- Provided information
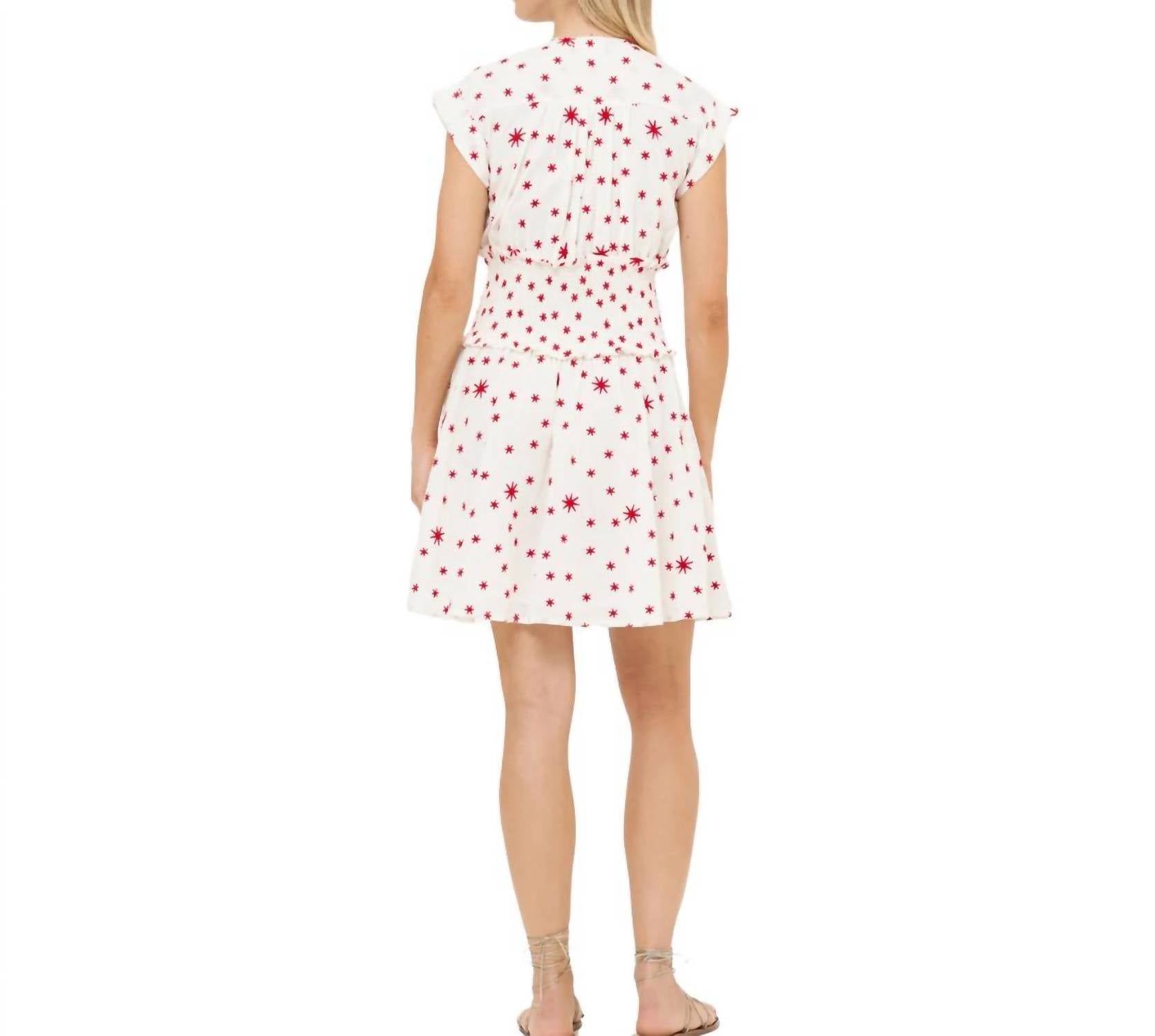 A short and breezy dress for those warmer days. Elevate your ensemble with the Smocked Waist Roll Sleeve Mini Dress by Oliphant in a captivating Ellsworth Red. This women's dress features cap sleeves and a flattering smocked waist that beautifully complements its A-line silhouette, offering an effortless pull-on closure. Crafted from high-quality cotton, this patterned piece is ideal for summer occasions like Thanksgiving or holiday parties. Care: Hand wash and lay flat to dry, ensuring the vibrant color and design remain impeccable.
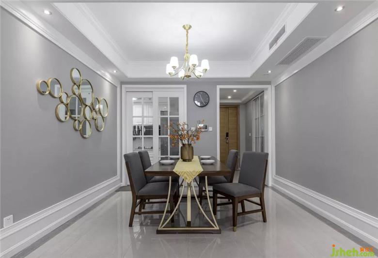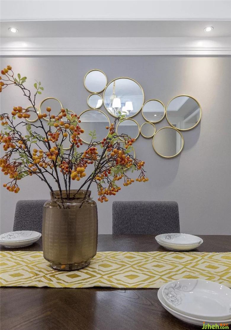 客廳和餐廳,都是深色的家具,墻面選擇不同的裝飾品,掛畫比較溫馨、鏡面比較時尚,視覺上給人一種獨特的美感,像一個天平,對家人的愛從不偏袒。
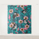 Chickadees in the wild rose, pink and blue tapestry
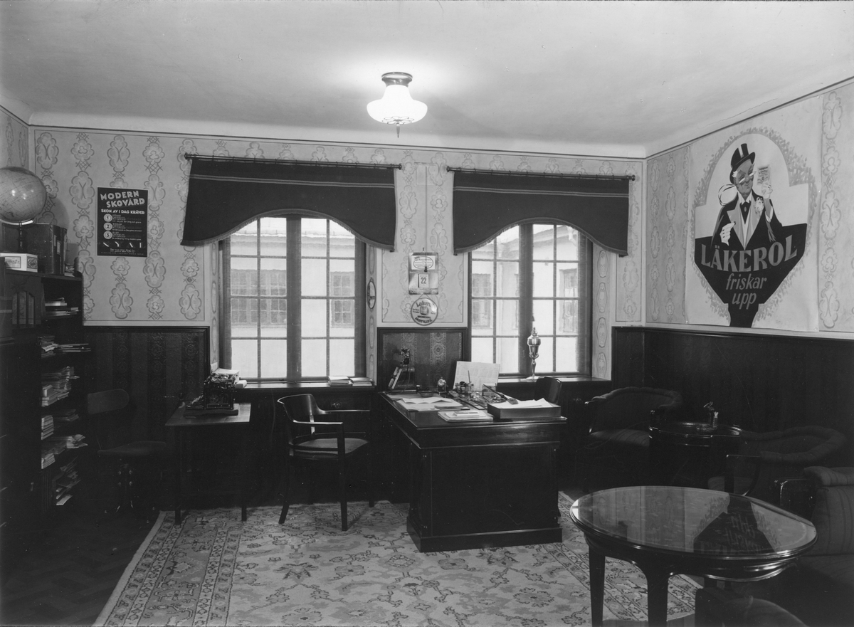 Reklamchefens rum vid F. Ahlgrens Tekniska fabrik i Gävle, omkring 1935.
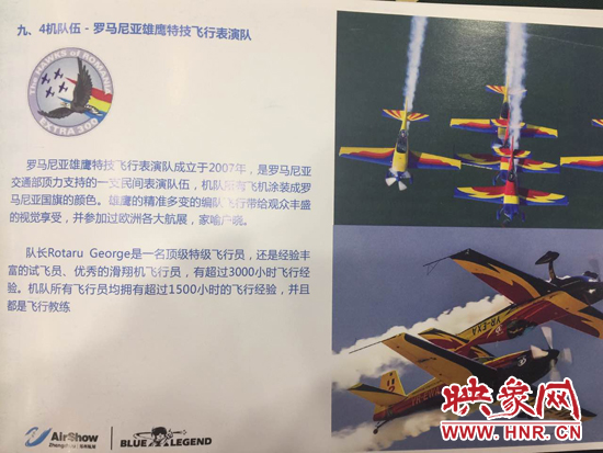 其中頒獎入圍飛行隊有:法國卡普什飛行隊(雙機)、俄羅斯首航飛行隊(雙機)、西班牙雙箭飛行隊(雙機)、澳大利亞紅色男爵飛行隊(雙機)、立陶宛總統(tǒng)飛行隊(三機)、英國刀鋒飛行隊(四機)、英國環(huán)球之星飛行隊(四機)、“奧倫達部落”意大利開拓者飛行隊(四機)、羅馬尼亞雄鷹飛行隊(四機)、美國飛行家飛行隊(四機)、南非迅龍飛行隊(四機)、英國雅皮士飛行隊(六機);表演嘉賓飛行隊有:英國百年靈空中漫步飛行隊(雙機),美國空中海報飛行隊(單機)。
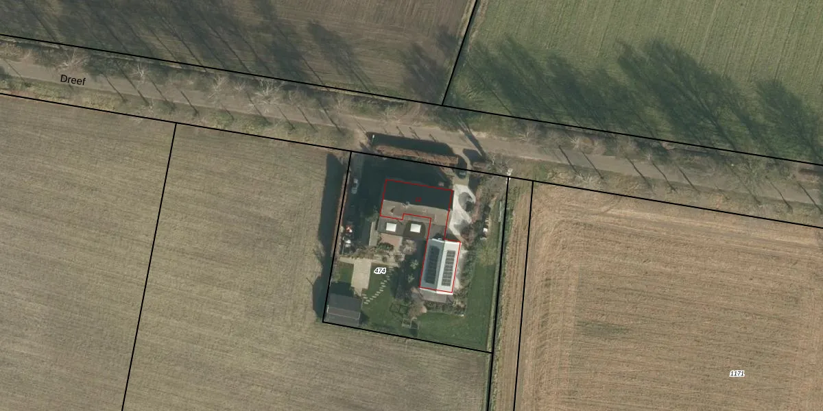 Het perceel waarop Dreef 12 staat heeft een oppervlakte van 1740 m². Dit is een zeer groot perceel. De perceeloppervlakte wordt geregistreerd door het Kadaster. Gedetailleerde informatie over de maten van dit perceel kunt u vinden in het rapport Kadastrale kaart met maatvoering van Dreef 12.
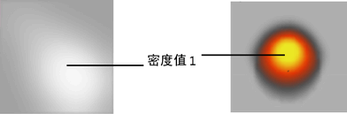 例如,下面是一个被映射到“密度”(Density)的黑色、橙色和黄色灰度渐变和颜色渐变:
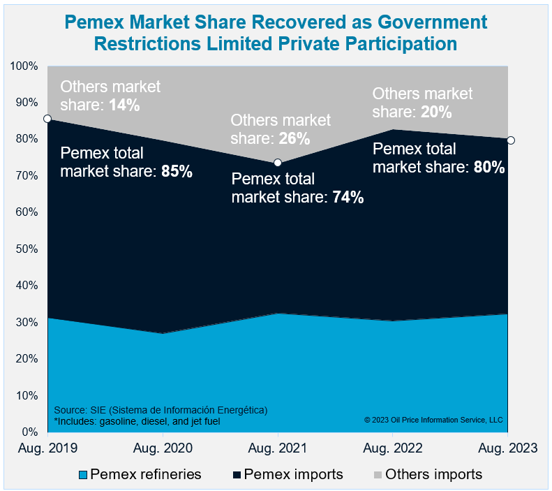 Pemex Market Share Recovered as Government Restrictions Limited Private ParticipationMGC’s aggressive discounts and credit guarantees have squeezed private competitors and smaller Pemex fuel distributors, a market participant told OPIS.

- Exercise requirements
Omit the images; transcribe the listing verbatim.

- Result
 A short and breezy dress for those warmer days. Elevate your ensemble with the Smocked Waist Roll Sleeve Mini Dress by Oliphant in a captivating Ellsworth Red. This women's dress features cap sleeves and a flattering smocked waist that beautifully complements its A-line silhouette, offering an effortless pull-on closure. Crafted from high-quality cotton, this patterned piece is ideal for summer occasions like Thanksgiving or holiday parties. Care: Hand wash and lay flat to dry, ensuring the vibrant color and design remain impeccable.
 客廳和餐廳,都是深色的家具,墻面選擇不同的裝飾品,掛畫比較溫馨、鏡面比較時尚,視覺上給人一種獨特的美感,像一個天平,對家人的愛從不偏袒。
 Chickadees in the wild rose, pink and blue tapestry
 Reklamchefens rum vid F. Ahlgrens Tekniska fabrik i Gävle, omkring 1935.
 其中頒獎入圍飛行隊有:法國卡普什飛行隊(雙機)、俄羅斯首航飛行隊(雙機)、西班牙雙箭飛行隊(雙機)、澳大利亞紅色男爵飛行隊(雙機)、立陶宛總統(tǒng)飛行隊(三機)、英國刀鋒飛行隊(四機)、英國環(huán)球之星飛行隊(四機)、“奧倫達部落”意大利開拓者飛行隊(四機)、羅馬尼亞雄鷹飛行隊(四機)、美國飛行家飛行隊(四機)、南非迅龍飛行隊(四機)、英國雅皮士飛行隊(六機);表演嘉賓飛行隊有:英國百年靈空中漫步飛行隊(雙機),美國空中海報飛行隊(單機)。
 Het perceel waarop Dreef 12 staat heeft een oppervlakte van 1740 m². Dit is een zeer groot perceel. De perceeloppervlakte wordt geregistreerd door het Kadaster. Gedetailleerde informatie over de maten van dit perceel kunt u vinden in het rapport Kadastrale kaart met maatvoering van Dreef 12.
 例如,下面是一个被映射到“密度”(Density)的黑色、橙色和黄色灰度渐变和颜色渐变:
 Pemex Market Share Recovered as Government Restrictions Limited Private ParticipationMGC’s aggressive discounts and credit guarantees have squeezed private competitors and smaller Pemex fuel distributors, a market participant told OPIS.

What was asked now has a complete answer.